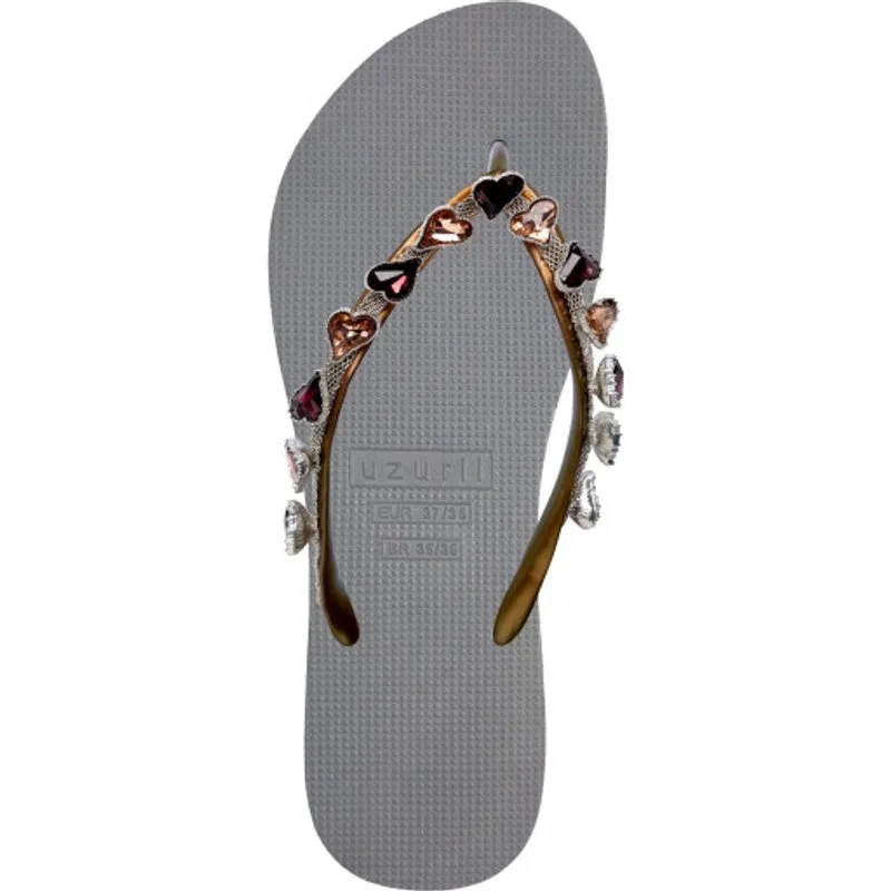 Ah, l'amour! Deze schattige, bronzen hartjes geven een schattige uitstraling aan de Heart Bronze teenslippers. De gouden ketting die over de V loopt is een stoere tegenhanger van de donkerrode en bronskleurige edelstenen. De bandjes zijn versierd met het originele Uzurii logo.Onze slippers zijn uniek, handgemaakt en met aandacht ontworpen. De zool, die zijdezacht aanvoelt aan je voet, is gemaakt van rubber. De bandjes zijn gemaakt van PVC. De V kenmerkt zich door het originele Uzurii logo op de bandjes. Onze slippers worden gemaakt in China en BraziliÎ
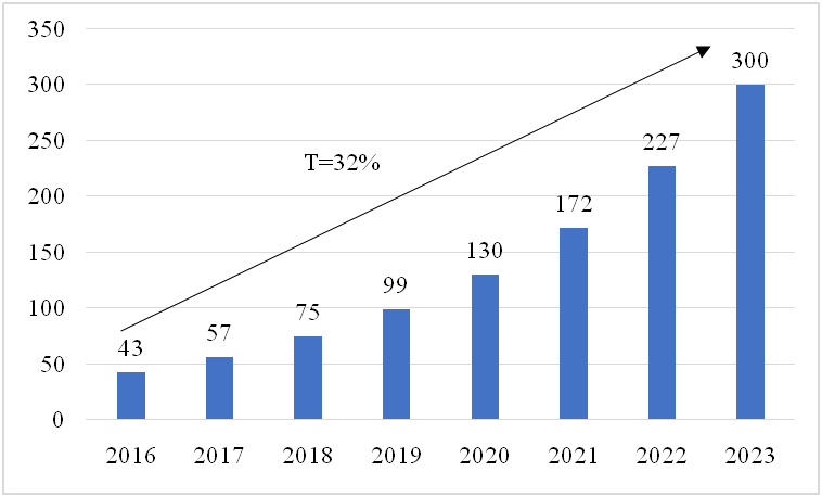 Рисунок 2 – Динамика мирового рынка смарт-контрактов, млн. долл. [14]
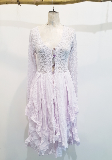 Das Oberteil wird durch kleine Knöpfe auf Figur gebracht.....der Rockbereich ist zipfelig, asymetrisch geschnitten.
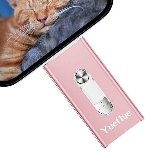 Yueflue Clé USB 128 Go, Cle Photo lPhone pour Smartphone pour Téléphone Portable avec i0S/Pad/Android/PC,Clé USB 3 en 1 Sauvegarde de Photos et de Vidéos sans Téléchargement d'application (Rose)
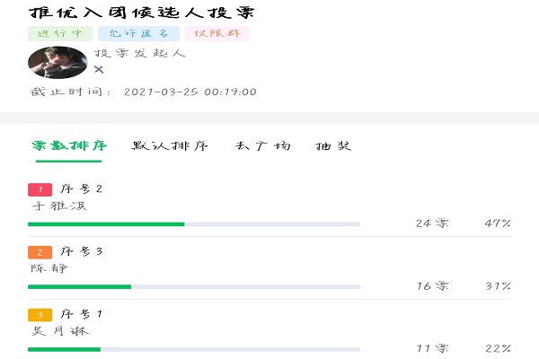 推优入团大会开始,徐新宇介绍了此次会议的基本流程,同时公布了候选人名单。候选人按照顺序依次发言,表达了她们对此次推优入团的机会的珍惜,以及想要进入团校学习的决心。全员进行匿名投票,最终选出进入团校学习的两名同学,她们分别是于雅淇和陈静。
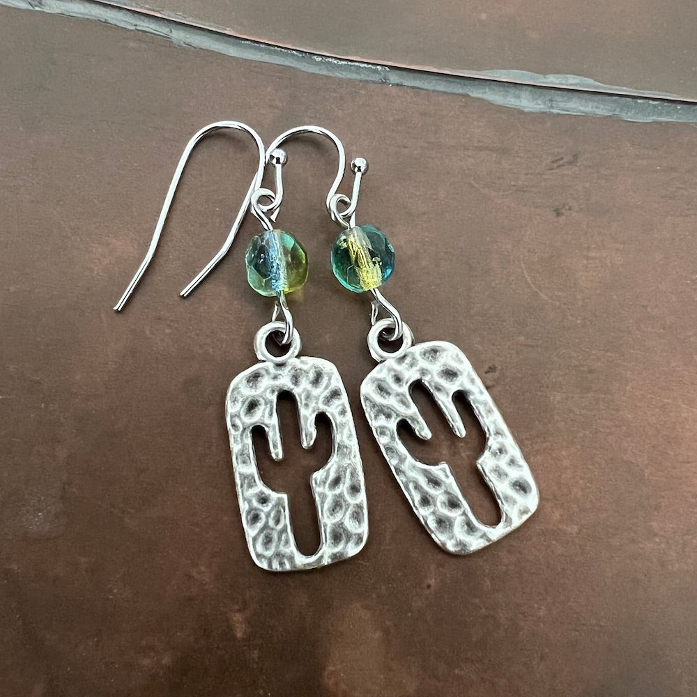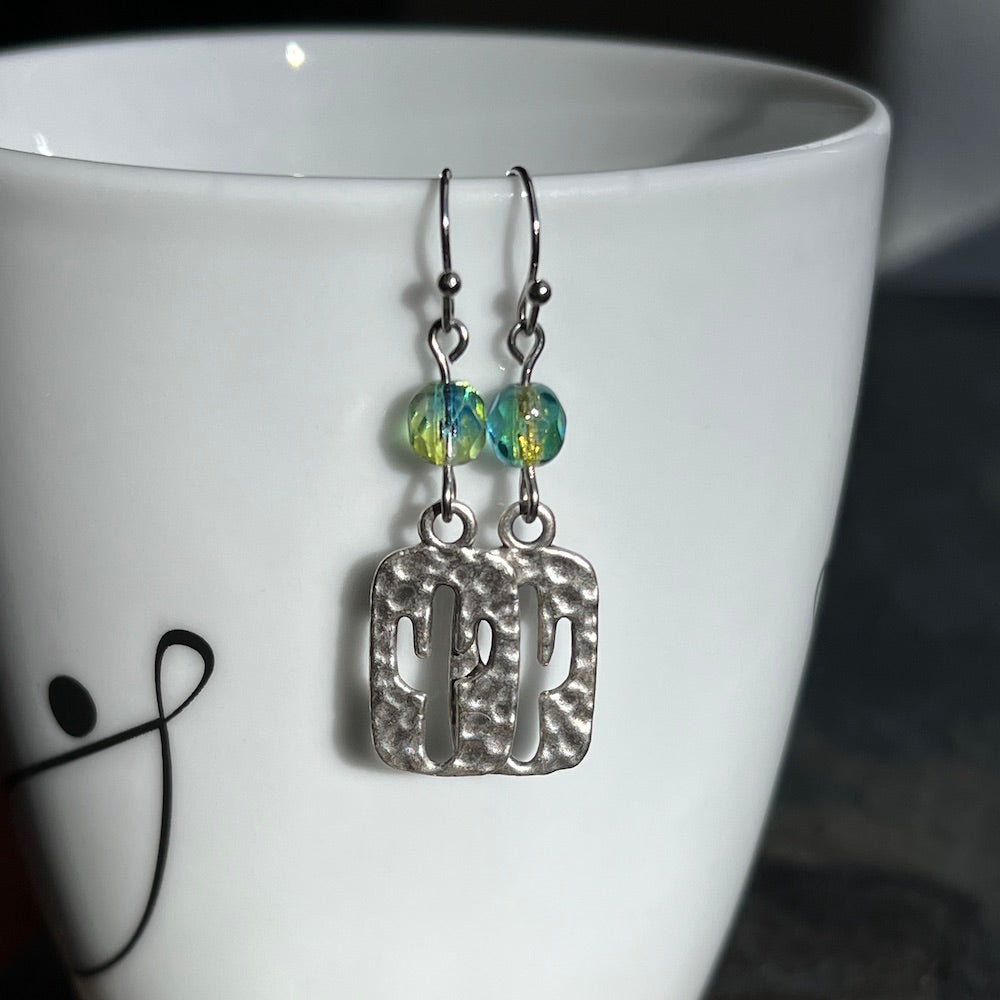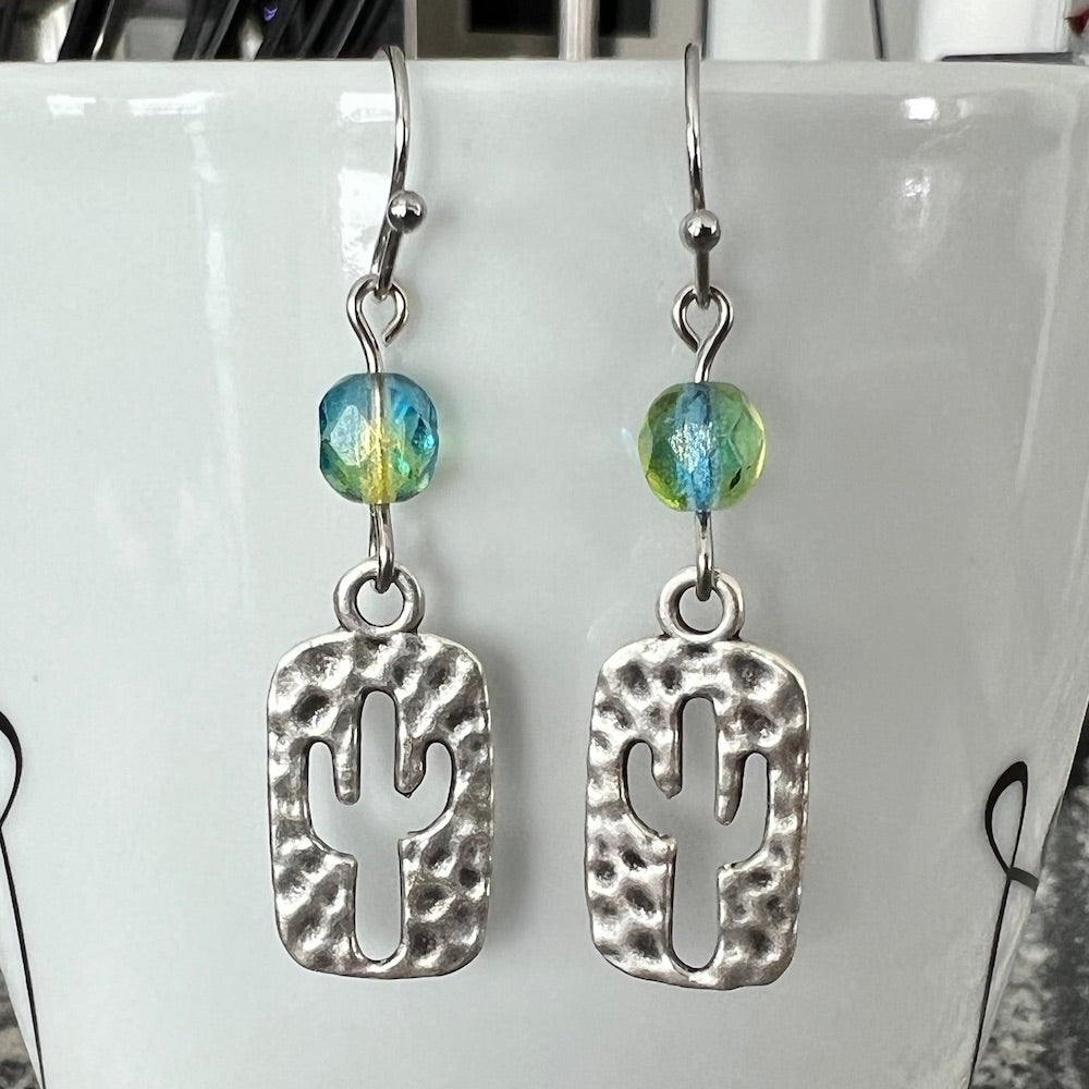 Bring a little desert magic to any outfit with these whimsical earrings that feature an adorable double-sided hammered cactus paired with a unique tri-colored Czech glass fire-polished bead in blue, green, and yellow. Measuring approximately 1 3/4" long, they’re finished with comfortable stainless steel ear wires and silicone backs for easy, lightweight wear. Effortlessly versatile, these botanical beauties pair perfectly with everyday looks and also make a thoughtful gift for someone special.
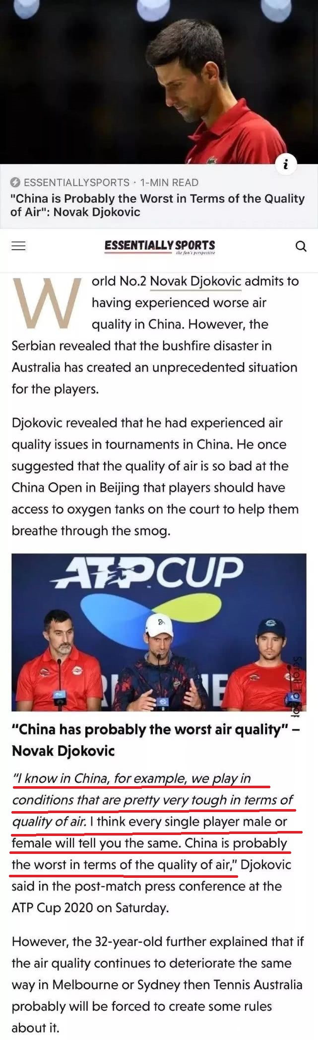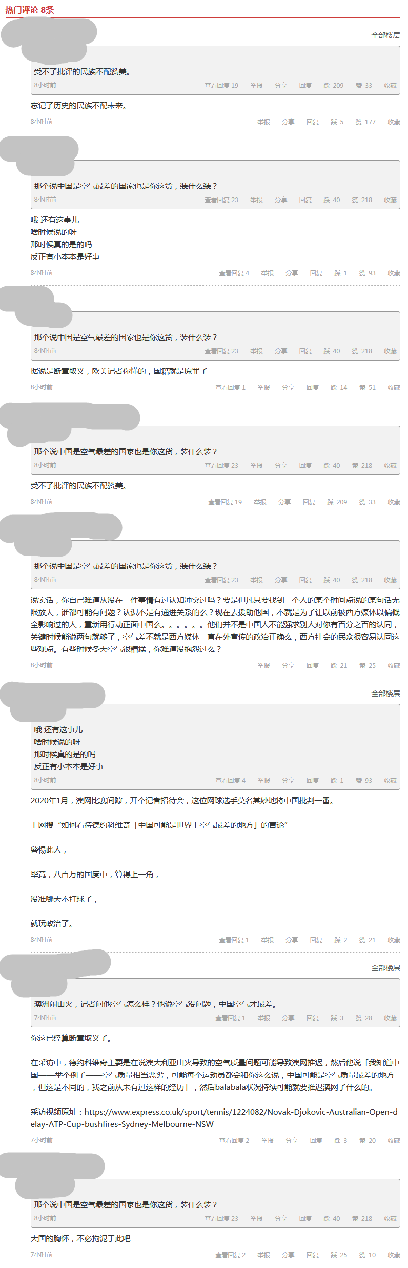 最近德約科維奇“示愛”中國,但部分網友不買賬,原因是該運動員之前吐槽中國空氣。觀網這篇文章下方的評論比較能體現這一情況。

Task details: Please give again only the lines from the one containing "Bring a little" through the last line of the entries above, exactly as they stand and without pictures.

Answer for this exercise:
 Bring a little desert magic to any outfit with these whimsical earrings that feature an adorable double-sided hammered cactus paired with a unique tri-colored Czech glass fire-polished bead in blue, green, and yellow. Measuring approximately 1 3/4" long, they’re finished with comfortable stainless steel ear wires and silicone backs for easy, lightweight wear. Effortlessly versatile, these botanical beauties pair perfectly with everyday looks and also make a thoughtful gift for someone special.
 最近德約科維奇“示愛”中國,但部分網友不買賬,原因是該運動員之前吐槽中國空氣。觀網這篇文章下方的評論比較能體現這一情況。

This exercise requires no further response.